Maybe he was Filipino. Was that in Asia? Probably. Asia’s out-of-control huge.
Eleanor had only known one Asian person in her life – Paul, who was in her math class at her old school. Paul was Chinese. His parents had moved to Omaha to get away from the Chinese government. (Which seemed like an extreme choice. Like they’d looked at the globe and said, ‘Yup. That’s as far away as possible.’)
Paul was the one who’d taught Eleanor to say ‘Asian’ and not ‘oriental.’ ‘Oriental’s for food,’
he’d said.
‘Whatever,
LaChoy
Boy,’
she’d said back.
Eleanor couldn’t figure out what an Asian person was doing in the Flats anyway. Everybody else here was seriously white.
Like, white by choice. Eleanor had never even heard the n-word said out loud until she moved here, but the kids on her bus used it like it was the only way to indicate that somebody was black. Like there was no other word or phrase that would work.
Eleanor stayed away from the n-word even in her head. It was bad enough that, thanks to Richie’s influence, she went around mentally calling everyone she met a ‘motherfucker.’ (Irony.) There were three or four other Asian kids at their school.
Cousins. One of them had written an essay about being a refugee from Laos.
And then there was Ol’ Green Eyes.
Who she was apparently going to tell her whole life story to.
Maybe on the way home, she’d tell him that she didn’t have a phone or a washing machine or a toothbrush.
That last thing, she was thinking
about
telling
her
counselor. Mrs Dunne had sat Eleanor down on her first day of school and given a little speech about how Eleanor could tell her anything. All through the speech, she kept squeezing the fattest part of Eleanor’s arm.

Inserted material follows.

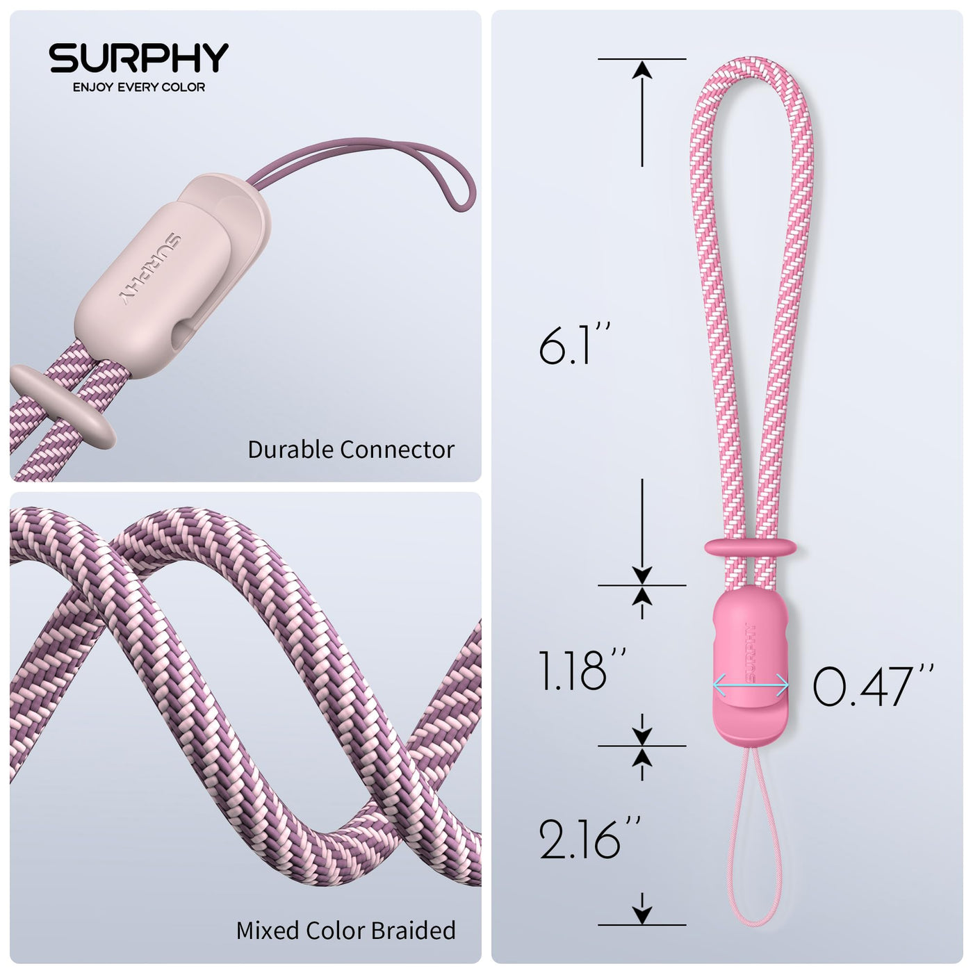 Q: What materials are used in the SURPHY phone lanyard?A: The SURPHY phone lanyard is made from premium nylon material, ensuring durability and comfort when worn on your wrist.
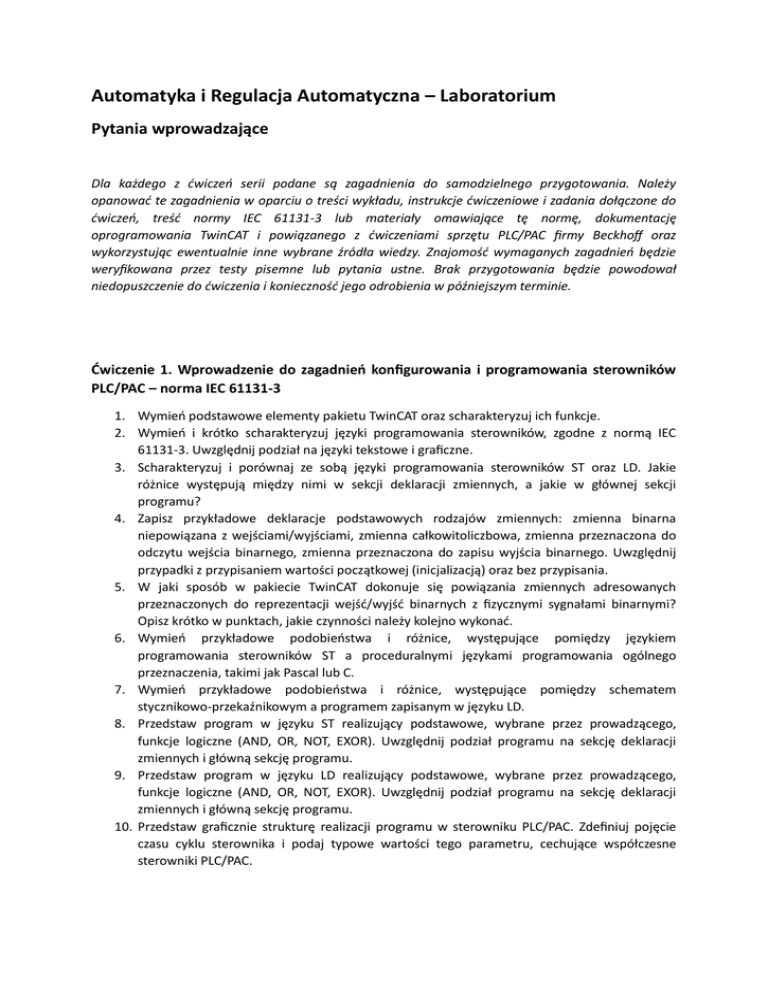 Automatyka i Regulacja Automatyczna – Laboratorium Pytania wprowadzające Dla każdego z ćwiczeń serii podane są zagadnienia do samodzielnego przygotowania. Należy opanować te zagadnienia w oparciu o treści wykładu, instrukcje ćwiczeniowe i zadania dołączone do ćwiczeń, treść normy IEC 61131-3 lub materiały omawiające tę normę, dokumentację oprogramowania TwinCAT i powiązanego z ćwiczeniami sprzętu PLC/PAC firmy Beckhoff oraz wykorzystując ewentualnie inne wybrane źródła wiedzy. Znajomość wymaganych zagadnień będzie weryfikowana przez testy pisemne lub pytania ustne. Brak przygotowania będzie powodował niedopuszczenie do ćwiczenia i konieczność jego odrobienia w późniejszym terminie. Ćwiczenie 1. Wprowadzenie do zagadnień konfigurowania i programowania sterowników PLC/PAC – norma IEC 61131-3 1. Wymień podstawowe elementy pakietu TwinCAT oraz scharakteryzuj ich funkcje. 2. Wymień i krótko scharakteryzuj języki programowania sterowników, zgodne z normą IEC 61131-3. Uwzględnij podział na języki tekstowe i graficzne. 3. Scharakteryzuj i porównaj ze sobą języki programowania sterowników ST oraz LD. Jakie różnice występują między nimi w sekcji deklaracji zmiennych, a jakie w głównej sekcji programu? 4. Zapisz przykładowe deklaracje podstawowych rodzajów zmiennych: zmienna binarna niepowiązana z wejściami/wyjściami, zmienna całkowitoliczbowa, zmienna przeznaczona do odczytu wejścia binarnego, zmienna przeznaczona do zapisu wyjścia binarnego. Uwzględnij przypadki z przypisaniem wartości początkowej (inicjalizacją) oraz bez przypisania. 5. W jaki sposób w pakiecie TwinCAT dokonuje się powiązania zmiennych adresowanych przeznaczonych do reprezentacji wejść/wyjść binarnych z fizycznymi sygnałami binarnymi? Opisz krótko w punktach, jakie czynności należy kolejno wykonać. 6. Wymień przykładowe podobieństwa i różnice, występujące pomiędzy językiem programowania sterowników ST a proceduralnymi językami programowania ogólnego przeznaczenia, takimi jak Pascal lub C. 7. Wymień przykładowe podobieństwa i różnice, występujące pomiędzy schematem stycznikowo-przekaźnikowym a programem zapisanym w języku LD. 8. Przedstaw program w języku ST realizujący podstawowe, wybrane przez prowadzącego, funkcje logiczne (AND, OR, NOT, EXOR). Uwzględnij podział programu na sekcję deklaracji zmiennych i główną sekcję programu. 9. Przedstaw program w języku LD realizujący podstawowe, wybrane przez prowadzącego, funkcje logiczne (AND, OR, NOT, EXOR). Uwzględnij podział programu na sekcję deklaracji zmiennych i główną sekcję programu. 10. Przedstaw graficznie strukturę realizacji programu w sterowniku PLC/PAC. Zdefiniuj pojęcie czasu cyklu sterownika i podaj typowe wartości tego parametru, cechujące współczesne sterowniki PLC/PAC. Ćwiczenie 2. Standardowe bloki funkcjonalne – norma IEC 61131-3 1. Wymień jednostki organizacyjne programu (POU) zdefiniowane w normie IEC 61131-3. Scharakteryzuj jednostkę bloku funkcjonalnego i wskaż, czym różni się ona od pozostałych jednostek. 2. Wymień podstawowe grupy standardowych bloków funkcjonalnych zdefiniowanych w normie IEC 61131-3. Wymień bloki należące do poszczególnych grup (oznaczenie bloku, nazwa angielska, nazwa polska). 3. Wymień (oznaczenie bloku, nazwa angielska, nazwa polska) i ogólnie scharakteryzuj dwustanowe standardowe bloki funkcjonalne. Omów dokładnie jeden z bloków, wskazany przez prowadzącego (sygnały we/wy, opis działania, tablica przejść, przebiegi czasowe). 4. Wymień przykłady zastosowań dwustanowych standardowych bloków funkcjonalnych w programach dla urządzeń PLC/PAC. Podaj prosty program przykładowy w języku ST lub LD, wykorzystujący te bloki. 5. Wymień (oznaczenie bloku, nazwa angielska, nazwa polska) i ogólnie scharakteryzuj standardowe bloki funkcjonalne detekcji zbocza. Omów dokładnie jeden z bloków, wskazany przez prowadzącego (sygnały we/wy, opis działania, przebiegi czasowe). 6. Wymień przykłady zastosowań standardowych bloków funkcjonalnych detekcji zbocza w programach dla urządzeń PLC/PAC. Podaj prosty program przykładowy w języku ST lub LD, wykorzystujący te bloki. 7. Wymień (oznaczenie bloku, nazwa angielska, nazwa polska) i ogólnie scharakteryzuj standardowe bloki funkcjonalne liczników. Omów dokładnie jeden z bloków, wskazany przez prowadzącego (sygnały we/wy, opis działania, przykładowe przebiegi czasowe). 8. Wymień przykłady zastosowań standardowych bloków funkcjonalnych liczników w programach dla urządzeń PLC/PAC. Podaj prosty program przykładowy w języku ST lub LD, wykorzystujący te bloki. 9. Wymień (oznaczenie bloku, nazwa angielska, nazwa polska) i ogólnie scharakteryzuj standardowe bloki funkcjonalne czasomierzy. Omów dokładnie jeden z bloków, wskazany przez prowadzącego (sygnały we/wy, opis działania, przebiegi czasowe). 10. Wymień przykłady zastosowań standardowych bloków funkcjonalnych czasomierzy w programach dla urządzeń PLC/PAC. Podaj prosty program przykładowy w języku ST lub LD, wykorzystujący te bloki. Ćwiczenie 3. Realizacja układów kombinacyjnych w językach ST i LD 1. Co to jest układ kombinacyjny? Podaj opis matematyczny układów kombinacyjnych. 2. Co to jest funkcja logiczna (podaj przykład)? Wymień przykładowe formy reprezentacji funkcji logicznych. Jaki jest związek pomiędzy układami kombinacyjnymi a funkcjami logicznymi? 3. Określ, w jakich przypadkach używa się w praktyce układów kombinacyjnych i wymień trzy przykłady zastosowań. 4. Określ, jak można odróżnić układ kombinacyjny od sekwencyjnego. 5. Czy można w prosty sposób odtworzyć model matematyczny układu kombinacyjnego (np. tablicę prawdy), dostępnego w postaci „czarnej skrzynki”, tzn. tylko poprzez sygnały wejściowe i wyjściowe? Czy da się w takim przypadku określić jednoznacznie ile pomiarów trzeba wykonać,

If Eleanor told Mrs Dunne everything – about Richie, her mom, everything – Eleanor didn’t know what would happen.
But if she told Mrs Dunne about the toothbrush … maybe Mrs Dunne would just get her one.
And then Eleanor could stop sneaking into the bathroom after lunch to rub her teeth with salt.
(She’d seen that in a Western once. It probably didn’t even work.)
The bell rang. 10:12.
Just two more periods until English. She wondered if he’d talk to her in class. Maybe that’s what they did now.
She could still hear that voice in her head – not his – the singer’s. From the Smiths. You could hear his accent, even when he was singing. He sounded like he was crying out.
‘I am the sun …
And the air …’
Eleanor didn’t notice at first how un-horrible everyone was being in gym. (Her head was still on the bus.) They were playing volleyball today, and once Tina said, ‘Your serve, bitch,’ but that was it, and that was practically jocular, all-things-Tina considered.
When Eleanor got to the locker room, she realized why Tina had been so low-key; she was just waiting. Tina and her friends – and the black girls, too, everybody wanted a piece of this – were standing at the end of Eleanor’s row, waiting for her to walk to her locker.
It was covered with Kotex pads. A whole box, it looked like.
At first Eleanor thought the pads were actually bloody, but when she got closer she could see that it was just red magic marker.
Somebody had written ‘Raghead’
and ‘Big Red’ on a few of the pads, but they were the expensive kind, so the ink was already starting to absorb.
If Eleanor’s clothes weren’t in that locker, if she was wearing anything other than this gymsuit, she would have just walked away.
Instead she walked past the girls, with her chin as high as she could manage, and methodically peeled the pads off her locker.
There were even some inside, stuck to her clothes.
Eleanor cried a little bit, she couldn’t help it, but she kept her back to everybody so there wouldn’t be a show. It was all over in a few minutes anyway because nobody wanted to be late to lunch. Most of the girls still had to change and redo their hair.
After everyone else walked away, two black girls stayed. They walked over to Eleanor and started pulling pads off the wall. ‘Ain’t no thing,’ one of the girls whispered, crumpling a pad into a ball. Her name was DeNice, and she looked too young to be in the tenth grade.
She was small, and she wore her hair in two braided pigtails.
Eleanor shook her head, but didn’t say anything.
‘Those girls are trifling,’
DeNice
said.
‘They’re
so
insignificant, God can hardly see them.’
‘Hmm-hmm,’ the other girl agreed. Eleanor was pretty sure her name was Beebi. Beebi was what Eleanor’s mom would call ‘a big girl.’ Much bigger than Eleanor. Beebi’s gymsuit was even a different color than everybody else’s, like they’d had to special order it for her. Which made Eleanor feel bad about feeling so bad about her own body … And which also made her wonder why she was the official fat girl in the class.